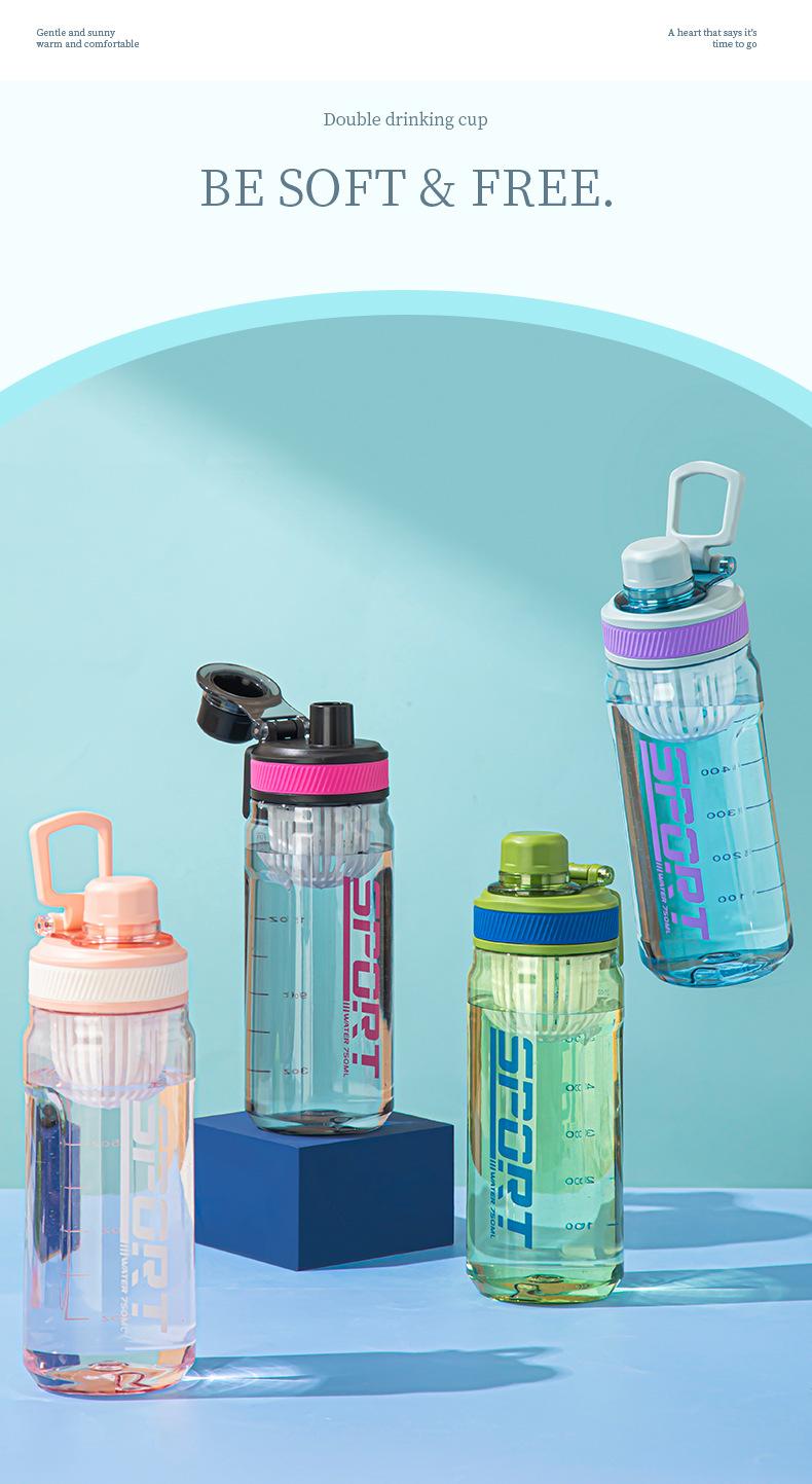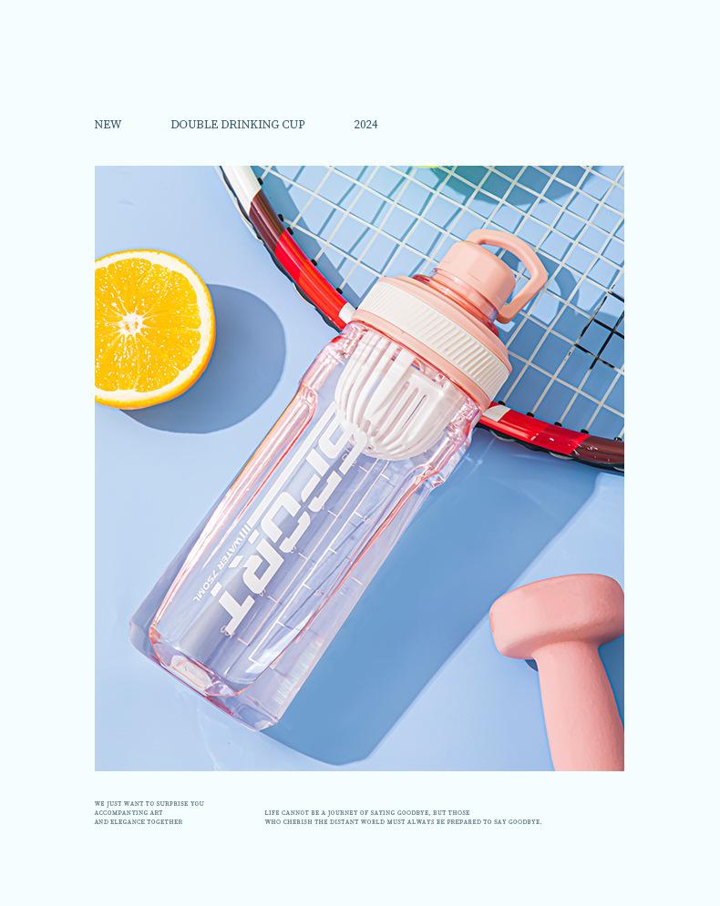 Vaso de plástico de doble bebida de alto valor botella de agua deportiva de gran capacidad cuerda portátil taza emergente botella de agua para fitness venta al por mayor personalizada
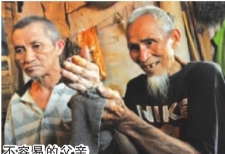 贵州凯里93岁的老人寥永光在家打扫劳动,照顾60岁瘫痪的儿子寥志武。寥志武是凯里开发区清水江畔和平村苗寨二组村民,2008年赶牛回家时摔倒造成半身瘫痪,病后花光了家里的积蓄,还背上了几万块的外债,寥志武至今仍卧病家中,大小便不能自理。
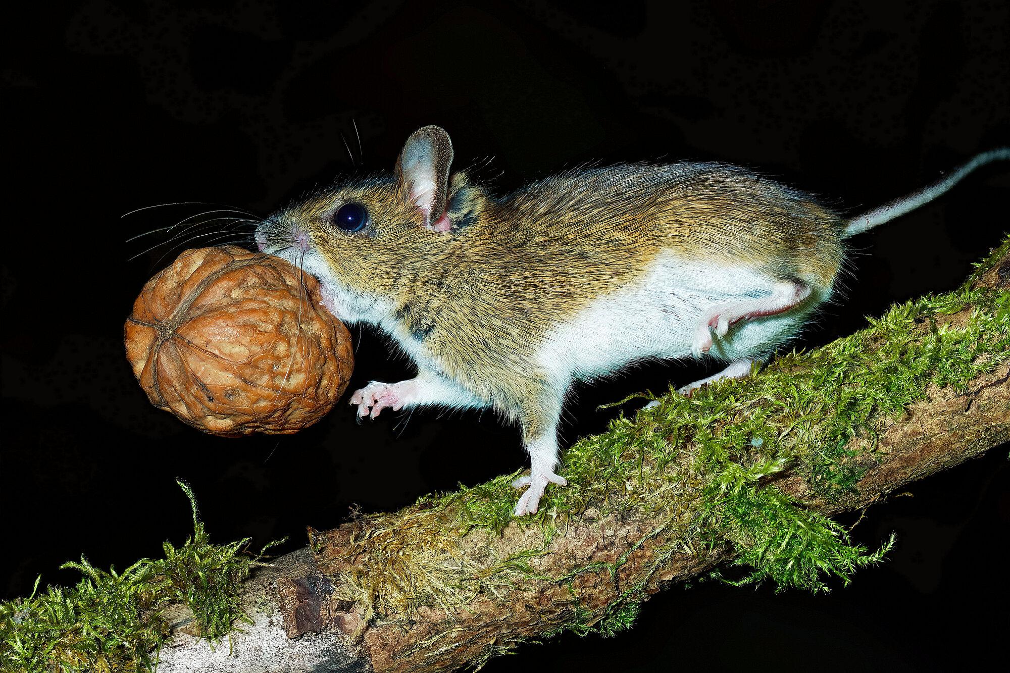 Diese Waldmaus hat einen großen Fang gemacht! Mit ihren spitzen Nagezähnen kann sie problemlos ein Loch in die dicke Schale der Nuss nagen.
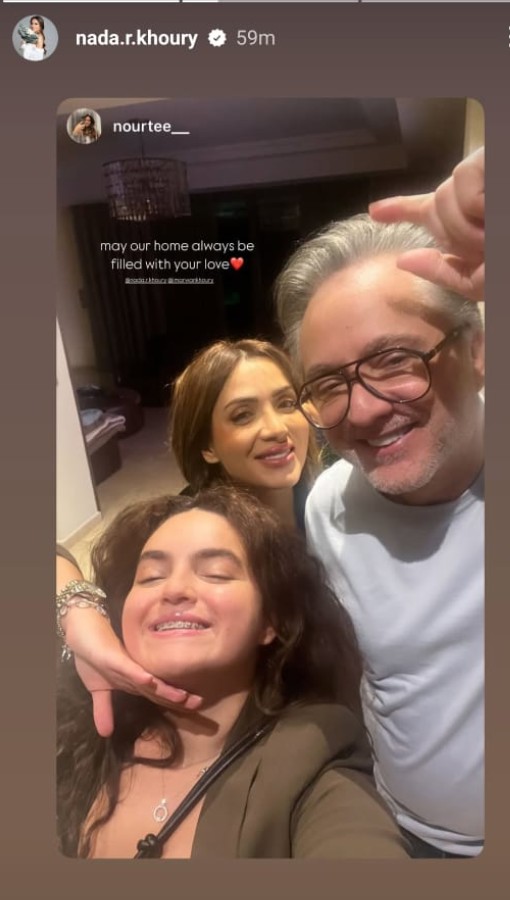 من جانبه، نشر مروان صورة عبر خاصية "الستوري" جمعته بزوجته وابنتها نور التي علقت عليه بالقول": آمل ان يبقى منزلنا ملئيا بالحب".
________________________________________
• [WORK ITEM]
What you hand back should match the listing exactly, except that no pictures appear.

• [EXERCISE RESULT]
 Vaso de plástico de doble bebida de alto valor botella de agua deportiva de gran capacidad cuerda portátil taza emergente botella de agua para fitness venta al por mayor personalizada
 贵州凯里93岁的老人寥永光在家打扫劳动,照顾60岁瘫痪的儿子寥志武。寥志武是凯里开发区清水江畔和平村苗寨二组村民,2008年赶牛回家时摔倒造成半身瘫痪,病后花光了家里的积蓄,还背上了几万块的外债,寥志武至今仍卧病家中,大小便不能自理。
 Diese Waldmaus hat einen großen Fang gemacht! Mit ihren spitzen Nagezähnen kann sie problemlos ein Loch in die dicke Schale der Nuss nagen.
 من جانبه، نشر مروان صورة عبر خاصية "الستوري" جمعته بزوجته وابنتها نور التي علقت عليه بالقول": آمل ان يبقى منزلنا ملئيا بالحب".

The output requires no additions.